Keep moving forward by repeating with the alternate hand and leg and keeping your upper body close to the floor.
Assume the plank position. Make sure your toes and hands are taking your body weight evenly to maintain a good balance.
Keep your back straight, your arms at a shoulder-width distance, your abs pulled in, and your head in line with your straight body.
Bring your right knee close to your chest. Then pull out your right knee while you bring your left knee close to your left chest. Make sure not to raise your hips.
Increase the pace of pulling in and out your knees so that you start running. Breathe in and out in tandem with switching your leg.
Put your hands on the floor beside your toes, aligned with your shoulders, and spread your fingers wide. Put your knees next to your elbows, on the outside. Now bend your elbows a bit.
Lean your knees on your elbows and slowly raise your feet, keeping your focus on the floor.
The planche needs to be mastered step by step.
Step1: Holding on to the parallel bars, lift yourself off the floor by bending your knees at a 45-degree angle.
Keeping this position, push your shoulders a bit forward while stretching your back. Hold this position for 20 to 30 seconds.
Step 2: Pull out your legs as far as possible. As the gap between your knees and abdomen increases, you will feel more tension in your shoulders. Try to hold this position for 20 to 30 seconds.
Step 3: Pull back one leg at a time while keeping the other one close to your abs. Try to hold this position. Alternate with your other leg. Then go back to the position in step 2.
Step 4: The Straddle Planche is when you extend both your legs and spread them wide. Then choose either step 2 or step 3 positions to continue for a while.
Step 5: To come to the full circle of planche, just bring your spread legs back together.
You will need access to a bar.
Step 1: While hanging on the bar, raise your legs so that your knees come close to your chest. Continue to move your knees over your head and lift your hips so that you complete a flip. Do the reverse to come back to the original position.
Step 2: Lift your legs to get into an upside-down hanging position. Keep your body straight by using the support of the bar. Try to hold this position for 20 seconds.
Step 3: Now tuck in one leg while keeping the other straight and come down slowly until your body is parallel to the floor. Hold this position for as long as you can before lowering yourself to the floor. Repeat with the alternate leg.
Step 4: Repeat step 3 with both legs parallel to the floor.
It’s similar to the back lever but in this case, your body faces upwards to the ceiling instead of facing the floor.
Start by hanging upside-down from a bar, keeping your body straight. With your face toward the ceiling, lower your body so that it’s parallel to the floor.
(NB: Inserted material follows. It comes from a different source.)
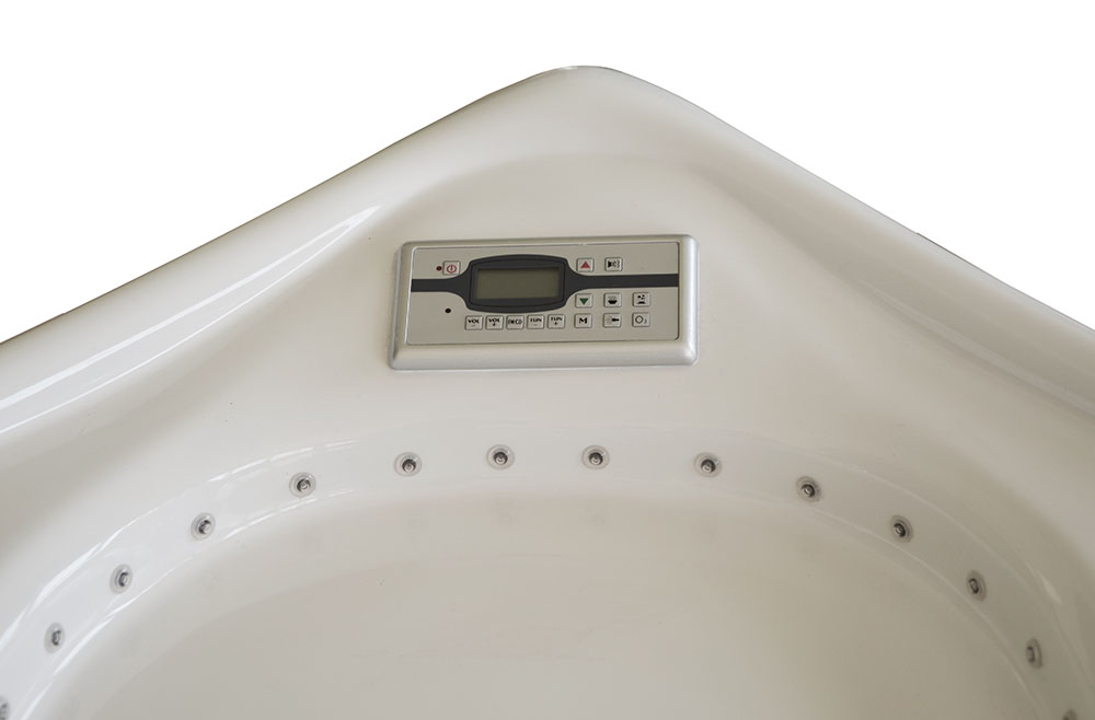 Control panel, remote control – the panel supports all functions in the bathtub starting from starting the pumps, ozone, lighting, radio, and the heater end.

Hold this position for as long as you can.
You need a bar that’s above your head. With your hands holding the bar, raise your body as high as your groin or waist. Your legs should be hanging. Hold this position as long as possible and come back down.
You need a vertical pole for this exercise. Use an overgrip for the upper hand. The bottom hand should grip the pole in a way that your elbow faces the ground. Your upper hand position should be the opposite of your lower hand one.
Step 1: The Support Press step uses a vertical and a horizontal bar. Keep your lower hand on the vertical bar and your upper one on the horizontal pull-up bar above your head.
Place your foot at the bottom of the vertical pole and push with your bottom hand while pulling with your upper hand to move your body off the ground and away from the pole. Try to hold this position for 20 seconds.
Step 2: In the Chamber Hold step, your hands should be above each other directly. Raise your hips in the air by kicking your feet off the ground. Your hips must be above your shoulders.
Put your knees close to your abs, and while you pull with your top arm, push with your bottom arm. Hold this position for at least 10 seconds.
Step 3: From step 2, gradually pull out your legs. Make sure your body is closer to the vertical pole. Hold the position for 10 seconds.
Step 4: Slowly put your hips down from step 3. You can keep either one or both knees bent.
Step 5: Keep both legs extended without bent knees.
Shoulder – Chest – Triceps
Start from a position where you are bent from your waist and slightly at the knees. Keep your shoulders above your hips. Your hands must be on your sides with your thumbs pointing outwards. Crunch your shoulder muscles and raise your arms to pass your ears and form a Y. Bring down your arms and repeat 5 times.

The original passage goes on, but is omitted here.